Hello everybody,
I am currently trying to create a dataset of simulated exome reads (with simulated base qualities as well). I am currently using simNGS from EBI to create a fragment library and create reads. The main issue with this one is that with a workflow like:
fasta genome reference -> fragment library -> simulated reads.
We have simulated genomic reads instead of exomic reads. A workflow such as:
fasta exome reference -> fragment library -> simulated reads
doesnt’ sound so good, because it leaves out lots of exome-specific behaviours (e.g, off target reads).
Is there any other approach to follow in order to obtain a reliable whole-exome simulated read dataset?
For what reason are you doing your simulation?
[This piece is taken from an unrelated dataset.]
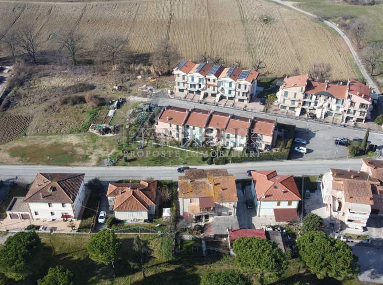L’appartamento si sviluppa principalmente al piano terreno e comprende ingresso, ampia zona living, cucina separata con accesso diretto al giardino sul retro (lato campagna), disimpegno, ripostiglio, bagno, camera matrimoniale e camera singola.

Could you add to your question details about what behaviors you want to capture and why?
I'm interested in whole-exome sequencing variant call behaviour, specifically how base quality distortion affect variant call (on SNP level). I'm focusing on Illumina platforms.
For the purposes of variant calling behavior, do you need to model things like off-target reads and variable coverage since you are interested in base quality distortion? I know you want to, but do you need to?
the main point is that we use a complete whole-exome variant call pipeline (including the mapping step). We'd like to have a more realistic simulated read dataset to avoid additional bias.. but if there's no way we'll stick to what we have.
In the case you are interested, you would probably want to simulate your (hybrid) selection process. I have no idea how effectively hybridization characteristics of a genomic library versus a pool of several hundred thousand oligos can be captured, both from a computational and from a biochemical view. The value of doing so is also unknown, at least to me.